Помрачневший лицом Стрех думал с минуту, затем махнул рукой. Мечи отодвинулись от разбойницы, но остались вне ножен.

— Благодарствуй, добрый король, — Сколопендра оправила на себе доспех, отступила от все еще настороженных стражников. — Выслушай меня и ты, принцесса. Я пришла за Казимиром.

— Видите! — кусая губки, перебила Славяна.

— Дура ты, девка, — с сожалением произнесла Сколопендра. — Ить не любит он тебя. Как жить с таким будешь?

— Стерпится — слюбится! — не отступалась Славяна, бросая взгляд на мрачного, точно туча, Казимира. — Он пришел за мной…

— Он пришел, — перебила Каля, — потому как спешим мы кратчайшим путем в земли отца его! Я вызвалась проводить комеса через Выжью Сечь, и это я привела его к замку. К тебе, Стрех, взываю: отпусти нас с миром. Не проливай крови лесных существ, позволь вернуться рыцарю Казимиру в родную вотчину. Война идет, король, — прибавила Каля уже немного тише, — большая война между людьми. Казимиру надо быть со своими воинами, кто, как не ты, можешь это понять? Отпусти нас с миром, Стрех, и не будет вражды ни между нами, ни между тобой и дриадами!

Слушая речи «грязной девки» Славяна переводила гневный и нетерпеливый взор с нее на задумчиво-сурового отца.
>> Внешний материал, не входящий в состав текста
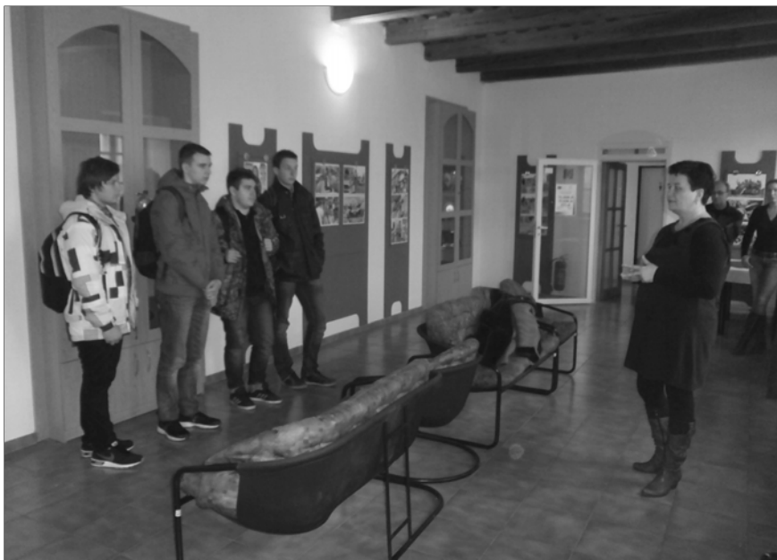
Vedúca oddelenia kultúry Mestského úradu vo Vítkove predstavuje výstavu To som ja - To jsem já - Oto ja.
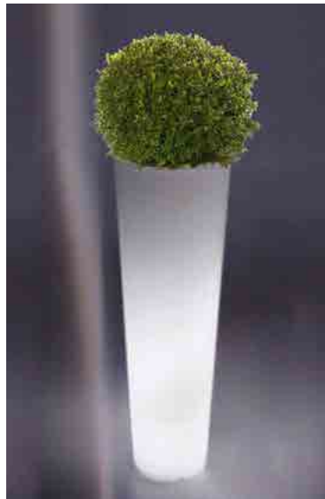
Réf. 134.326 A - Bac PVC New Pot Maxi light Ø44 cm ht 1,20m avec buis boule Ø45 cm
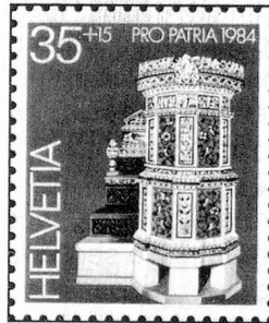
35 + 15 c. Landesmuseum, Zürich Musée nationale suisse, Zurich Museo nazionale svizzero, Zurigo

Este año, el producto de la venta del Don de la Fiesta Nacional es a favor de las obras de los suizos del extranjero. La primera colecta con el mismo objeto tuvo lugar en 1924, luego hubo otras similares cada seis o siete años. Los beneficiarios serán pues la Organización
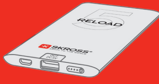
BATTERIES Energy boost on the go
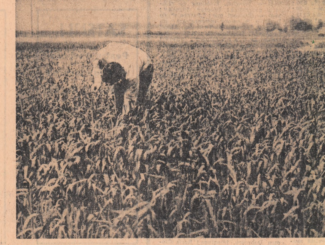
Se fac observații științifice într-un lan de grâu
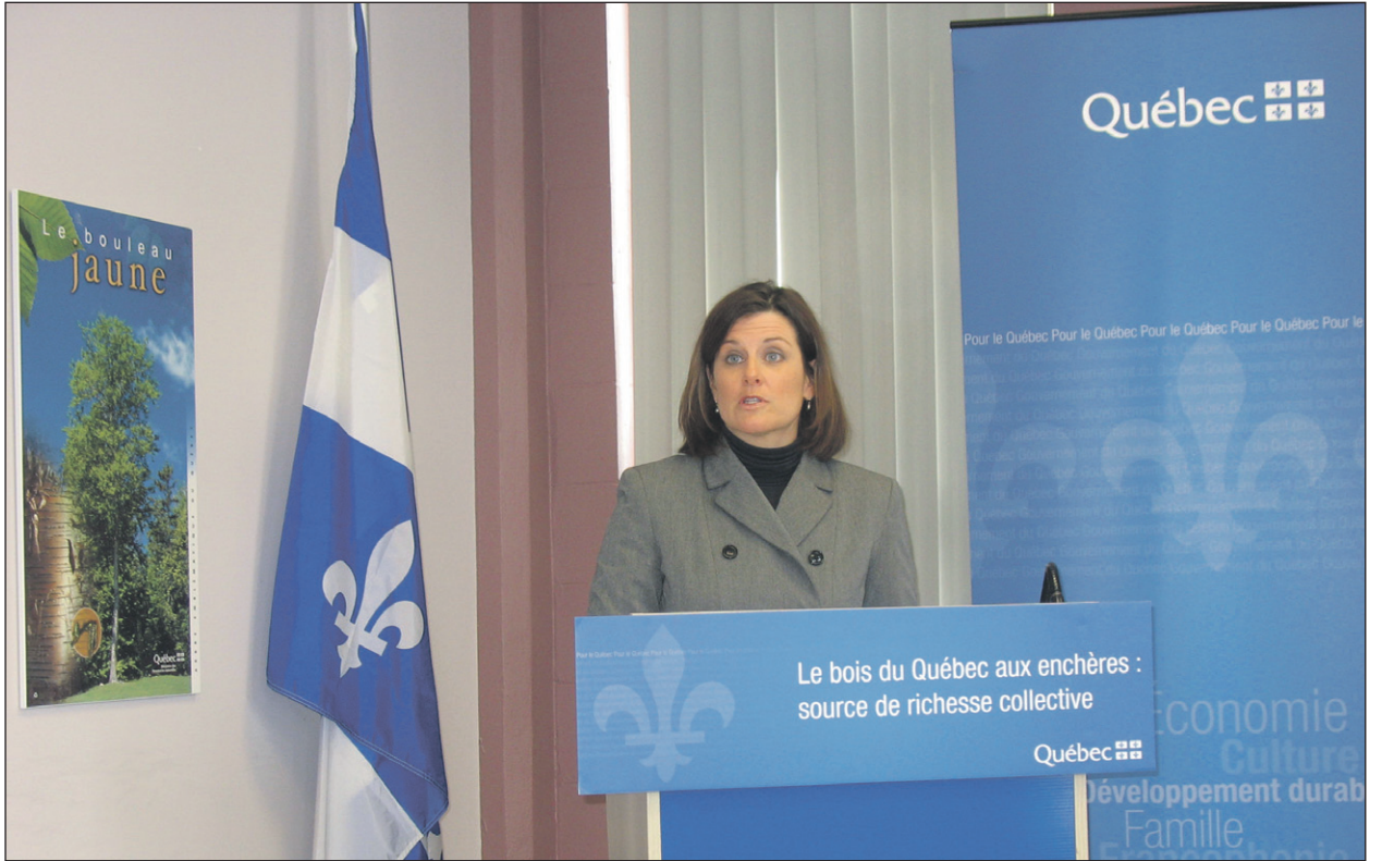
Stéphanie Vallée, la députée de Gatineau.

Le BMMB sera responsable des enchères par lesquelles seront attribués les volumes de bois provenant de la forêt publique et qui sont vendus aux entreprises de transformation. Ce système remplacera celui des Contrats d'aménagement et d'approvisionnement forestiers (CAAF), jugé obsolète, notamment parce qu'il empêchait des entreprises locales de s'approvisionner en bois dans leur propre région car il était accaparé par des grandes entreprises.
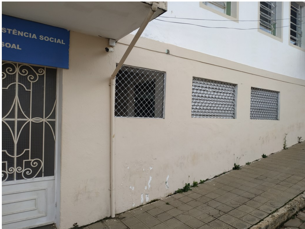
Vista externa fachada onde será implantada nova porta laboratório
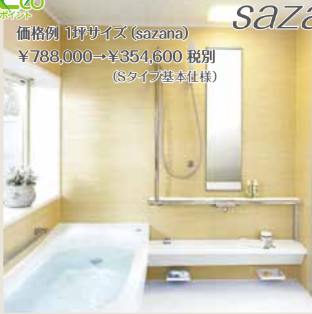
※写真は1616タイプです。

価格例 1坪サイズ (sazana) ¥788,000→¥354,600 税別 (Sタイプ基本仕様)

Затем, словно вспомнив, у кого она может просить защиты, бросилась к ногам матери.

— Матушка! Клянусь, этот рыцарь мне дороже всех на свете! Я… я убью себя, если он не станет мне мужем!

Королева ахнула, прикрывая рот рукой. По рядам придворных пронесся ропот.

— Мы не допустим этого, дитя мое, — твердо пообещала Радовида, отнимая ладонь. — Скажи, благородный Казимир, — обратилась она к помалкивающему комесу. — Если не любовь влекла тебя в наш замок, и не желаешь ты жениться на моей дочери, отчего не прошел ты мимо? Неужели ты не знал о силе проклятия, наложенного на всех нас? И о том, что лишь чистый душой отважный рыцарь, всем сердцем более всего на свете желающий соединиться с заколдованной королевной, мог ее разбудить? Ты не желаешь жениться на Славяне, это понятно всем, но ты разбудил ее. Почему не подумал ты о том, что теперь ты — самой судьбой наречен быть ей мужем? Зачем позоришь ты мою дочь и свои имена?

Слушая рассудительные и спокойные речи королевы, Казимир все более краснел. Время от времени он поглядывал на Калю, которая, в первый раз поймав его взгляд, далее скромно опустила глаза в пол, разглядывая укрывавшую его мозаику.

Радовида умолкла. Все взгляды устремились на него. Казимир поднял голову и твердо взглянул ей в глаза.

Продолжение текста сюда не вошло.